Цапля чахла, цапля сохла, цапля сдохла. Не чета обломовским обноскам.

— Здравствуйте, — вырвалось у Эллы.

— Здравствуй, Элла, — невозмутимо ответила женщина, глядя под ноги.

— Вы знаете мое имя?

— Как не знать. В одной секции живем, — направившись в санузел, ответила Донара Васильевна.

— Хах. Вам, наверное, наш сосед сказал, да? Ведь ваше имя я от него узнала, хоть это, может быть, и неправильно… — увязавшись за женщиной, продолжала Элла.

— Почему же?

— Ну не знаю. Кажется, если люди хотят познакомиться, то они сами должны это сделать.

— Тебя что, ни разу ни с кем не знакомили? — пригубив сигарету и пуская дымок оползнем по халату, испещренному катышками и зацепками, спросила женщина. За все это время она даже не поглядела на Эллу.

— Знакомили. Знакомили только с тем, кого я видела вживую. Нас же друг другу не представили.

— А в этом была необходимость?

— Нет, естественно. Просто мы уже сколько времени бок о бок живем, а заговорили только сейчас, спустя столько дней.

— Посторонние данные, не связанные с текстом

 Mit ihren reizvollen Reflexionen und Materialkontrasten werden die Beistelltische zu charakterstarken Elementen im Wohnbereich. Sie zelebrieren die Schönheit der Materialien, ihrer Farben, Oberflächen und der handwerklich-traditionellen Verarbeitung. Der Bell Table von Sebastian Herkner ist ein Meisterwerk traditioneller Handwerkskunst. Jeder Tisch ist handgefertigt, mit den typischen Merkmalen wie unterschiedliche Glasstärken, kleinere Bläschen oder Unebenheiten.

— Ну-ну. Нет ничего плохого в том, деточка, что некто в беседе упомянет имя постороннего человека, если то не осквернено контекстом. Изо дня в день ты слышишь тысячи незнакомых имен, до которых тебе нет и не должно быть дела.

Непринужденный фамильярный тон даже не смутил Эллу — по крайней мере, она не выказала возмущения.

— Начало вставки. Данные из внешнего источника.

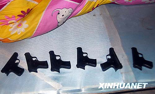 這是在一名制槍嫌疑人家中床單下發現的仿制手槍。劉潺 攝
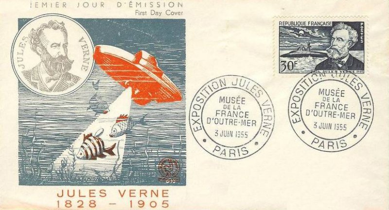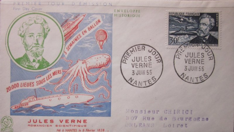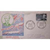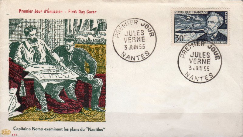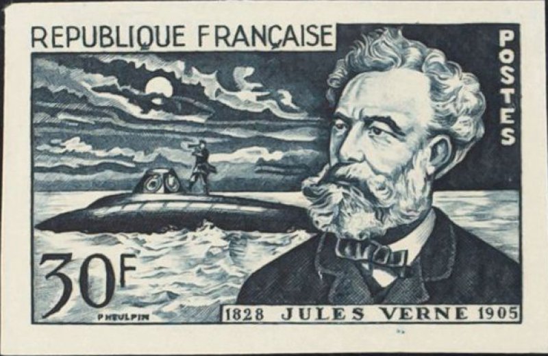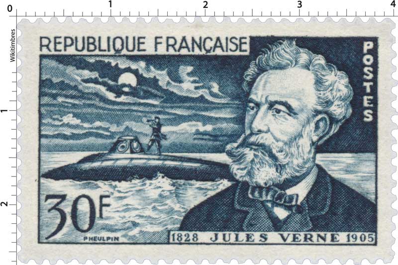 | Description | Cinquantenaire de la mort de Jules Verne (1828-1905), né à Nantes. Évocation de 20 000 lieues sous les mers, avec le Nautilus |
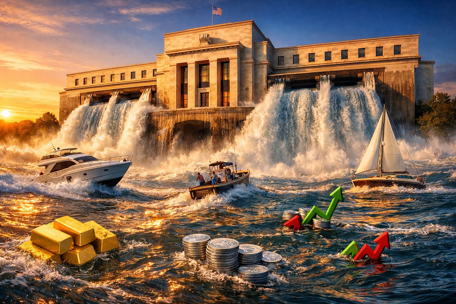 The same thing happens in markets. When the Fed pumps more money into the financial system, asset prices tend to rise. Stocks go up. Gold goes up. Silver goes up. Not because companies suddenly became more valuable overnight, but because there's more money chasing the same investments.
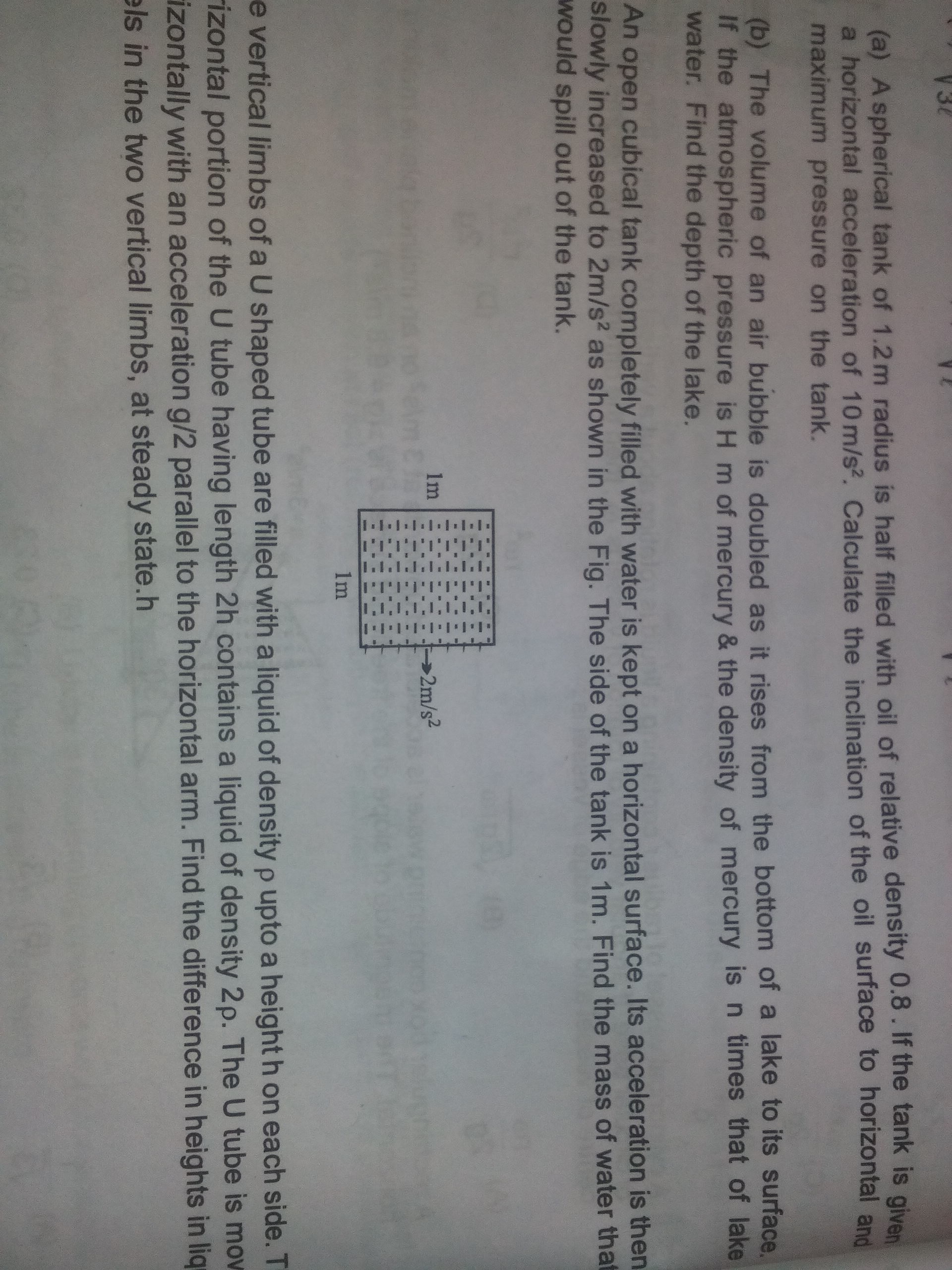 An open cubical tank open at top completely filled with water is kept on a horizontal surface its acceleration is then incresed to 2 m/s2 in horizontal direction the side of the tank is 1m find the mass of the water that would spill out of the tank.?
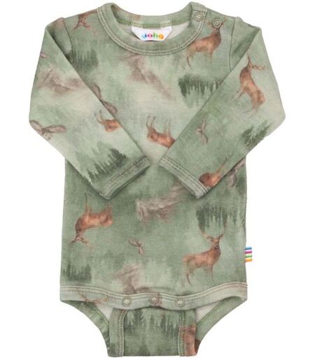 Joha Wood body i ullLangermet body med trykknapper på den ene skulder og mellom bena for enkel påkledning. Laget i supermyk og lett ullkvalitet med god stretch, som er behagelig å ha på. Vakkert digitalprint med skoglandskap og dyr. Oeko-Tex® 100-sertifisert.Materiale: 100 % merinoull ...

— Спорное утверждение. С чего вы взяли, что нет?

— Если ты кем-то интересуешься, значит, у тебя на него определенные виды, тебе от него что-то нужно.

— Если вы понимаете под «видами» участие и дружелюбие, то вы правы.

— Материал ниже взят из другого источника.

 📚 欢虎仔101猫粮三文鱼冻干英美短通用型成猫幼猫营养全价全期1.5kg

Несмотря на то что женщина делали глубокие затяжки, раз за разом испепеляя по три-четыре миллиметра бумаги, у нее еще оставалось полсигарты. Он вдруг ткнула бычок в банку, давая понять, что задушевной беседы не получится, и Элла решила действовать нахрапом.

— А вообще странный этот тип — наш сосед, да? Подозрительный. Всю жизнь здесь прожил, а ни добра, ни семьи не нажил. Родители-то хоть есть у него?

— Что ж ты у меня спрашиваешь? Я вас, кажется, не знакомила.

Нечто вроде улыбки сбило лицо Донары Васильевны. Да уж, сводня из тебя никудышная.

— Ну дак вы, я уверена, знаете его как облупленного — видели, как он под стол пешочком ходил.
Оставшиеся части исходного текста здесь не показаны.